11. The method of individually optimizing drug therapy to a patient of claim 1 wherein said step of collecting a sample from the patient comprises collecting a blood sample.

12. The method of individually optimizing drug therapy to a patient of claim 1 wherein said step of collecting a sample from the patient comprises collecting a tissue sample.

13. A method of individually optimizing drug therapy to a patient, comprising the steps of:

administering a dose of a radiolabeled drug to the patient in connection with chemotherapy,

collecting a sample from the patient,

analyzing said sample by accelerator mass spectrometry producing an analysis, and

using said analysis for developing a model for the patient.

14. The method of individually optimizing drug therapy to a patient of claim 13 wherein said step of developing a model for the patient comprises developing a pharmacokinetic model for the patient.

15. The method of individually optimizing drug therapy to a patient of claim 4 including using said pharmacokinetic model to select an optimal drug dose, type and dosing interval for the patient.

16. The method of individually optimizing drug therapy to a patient of claim 4 including collecting an additional sample from the patient to continuously monitor the status of the therapy and detect any changes in the metabolic and kinetic profile to signify development of resistance to the drug.

17. The method of individually optimizing drug therapy to a patient of claim 13 wherein said step of developing a model for the patient comprises developing a metabolites model for the patient.

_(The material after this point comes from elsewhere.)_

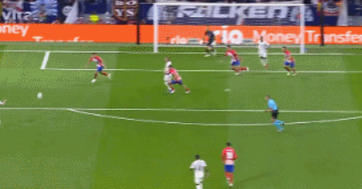 第36分钟,克罗斯禁区外围扣过防守球员之后完成低射破门,帮助皇马1-2扳回一球。

18. The method of individually optimizing drug therapy to a patient of claim 13 wherein said step of developing a model for the patient comprises developing a DNA adducts model for the patient.

19. The method of individually optimizing drug therapy to a patient of claim 8 wherein said step of developing a DNA adducts model for the patient provides information regarding DNA-drug adduct formed for drugs designed to bind to DNA.

20. The method of individually optimizing drug therapy to a patient of claim 13 wherein said step of collecting a sample from the patient comprises collecting a blood sample.

21. The method of individually optimizing drug therapy to a patient of claim 13 wherein said step of collecting a sample from the patient comprises collecting a tissue sample.